Ten pierwszy wyjazd dla 16-letniej dziewczyny z małej, podkarpackiej miejscowości musiał być nie lada wyzwaniem.
- O tak, to było dla mnie coś zupełnie nowego. Byłam w szoku, że zaproszono mnie na sesję zdjęciową aż do stolicy. Na mojej pierwszej sesji wszyscy dziwili się, że pozuję z taką łatwością, jakbym już wcześniej to robiła. Dla mnie to zawsze było naturalne. Gdy byłam dzieckiem, uwielbiałam stroić się w sukienki mamy, w których ćwiczyłam pozowanie przed lustrem. Nigdy nie wstydziłam się i nie czułam skrępowania przed obiektywem aparatu czy kamerą. Nigdy nie miałam też trudności, aby wcielić się w daną rolę. Dzięki wrodzonej otwartości potrafiłam odnaleźć się w tym środowisku.
Jak potoczyła się Twoja kariera po próbnej sesji?
- Zaczęłam pracować dla agencji nie tylko w Polsce, ale też za granicą. Bardzo szybko wysłano mnie na dwa trzymiesięczne kontrakty zagraniczne do Korei i Turcji. Pozowałam tam do sesji dla magazynów, bo nie nadawałam się na wybiegi. Byłam po prostu za niska. Korea to chyba najlepsze wspomnienie mojego życia. Pojechałam tam sama w wieku 16 lat, nie znając języka. Było ciężko, bo nie rozumiałam, co do mnie mówiono. W sesjach uczestniczyły dziewczyny m.in. z Rosji, Ukrainy czy Argentyny, byłam jedyną Polką w ekipie. Angielskiego nauczyła mnie Rosjanka, która znała język czeski. Jako jedyna mnie choć trochę rozumiała.
A jak wspominasz wyjazd do Turcji?
- Mój pobyt w tym kraju zbiegł się z Fashion Week, czyli Tygodniem mody. Przez te siedem dni nie miałam pracy, bo nie nadawałam się na wybieg. Ale później to był czas pełen sesji do magazynów i lookbooków [zbiór zdjęć przedstawiających np. modelkę czy styl fotografa - przyp. red.]. Ten wyjazd także będę wspominać z sentymentem z jeszcze jednego powodu – świętowałam tam swoją osiemnastkę. Oprócz Korei i Turcji, byłam też na kampaniach we Włoszech i na hiszpańskich wyspach. W tym roku na przykład miałam już trzy zagraniczne wyjazdy.

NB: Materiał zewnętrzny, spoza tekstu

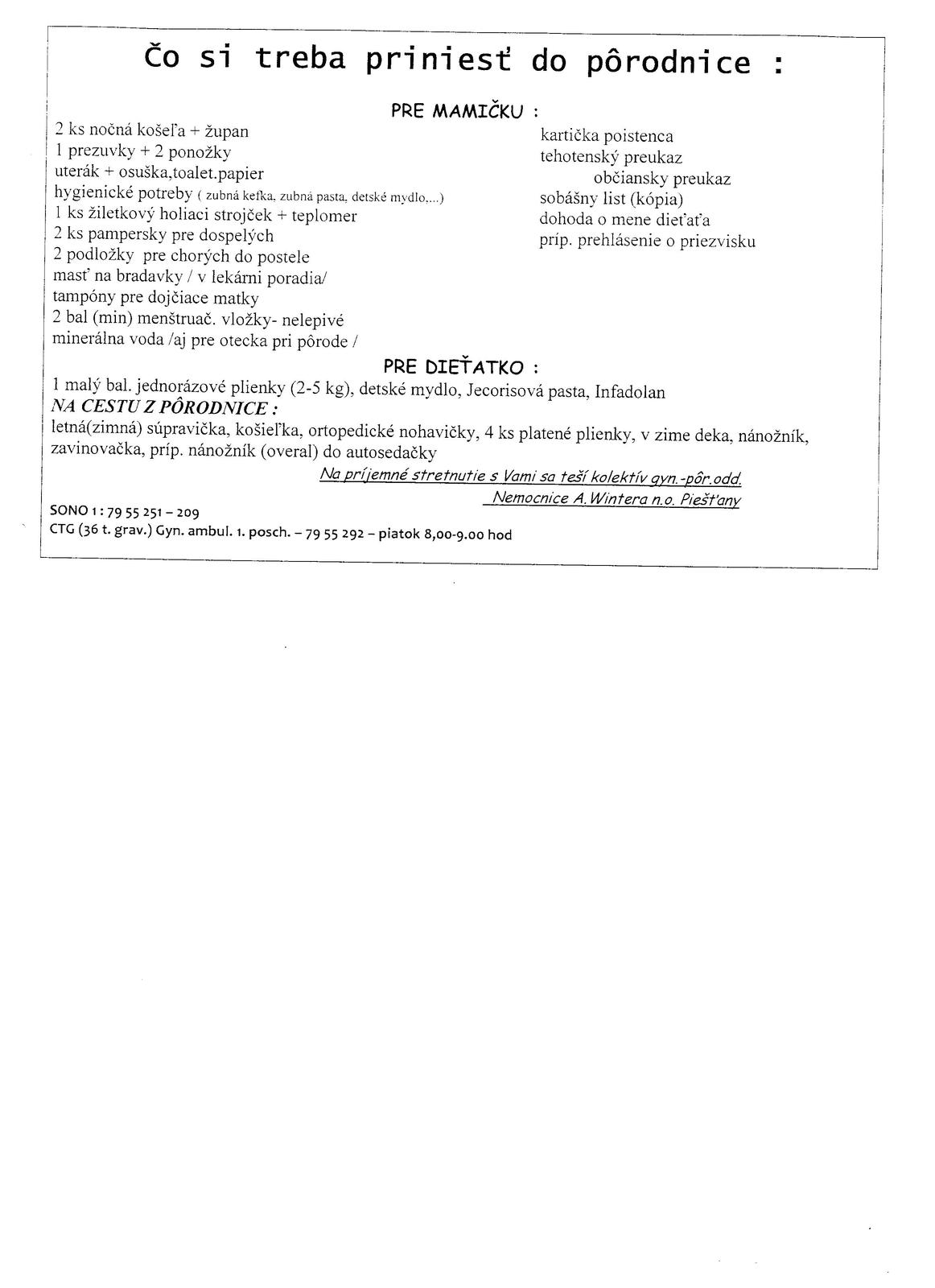 Dnes, na CTG pásoch som dostala ZOZNAM do pôrodnice. S prípisom: Na príjemné stretnutie s Vami sa teší kolektív gyn.-pôr.odd. Nemocnice A.Wintera n.o. Piešťany. Ja sa skôr teším na ten deň, keď už s batôžkom budem odchádzať domov, kde na nás už netrpezlivo bude čakať 16r.pomocníčka a samozrejme náš tato a určite sa pridá babka, dedko i krstná

W naszym kraju dużą popularnością cieszy się program Top Model. Czy praca modelki jest podobna do tego, co przedstawiają w telewizji?
- Nie wygląda to tak. Program jest nastawiony pod publikę. W zwykłym świecie modelingu nie ma sytuacji, że ktoś będzie naciskał na modelkę, żeby pozowała z pająkami czy nurkowała, bo jeśli tego nie zrobi, to może oznaczać koniec jej kariery. Na przykład ja nie robię sesji bieliźnianych czy aktów, a mimo to dobrze sobie radzę zawodowo.
Rozważałaś kiedyś udział w tym programie?
- Dwa lata z rzędu miałam propozycję wzięcia w nim udziału. Nie poszłam na casting, bo stwierdziłam, że to nie dla mnie. To nie tak, że bym się tam nie odnalazła. Sądzę, że nie byłoby to dla mnie problemem, jednak mam już swoją karierę i nie narzekam na brak zajęć. Do tego jestem osobą, która nie chciałaby być tak bardzo medialna.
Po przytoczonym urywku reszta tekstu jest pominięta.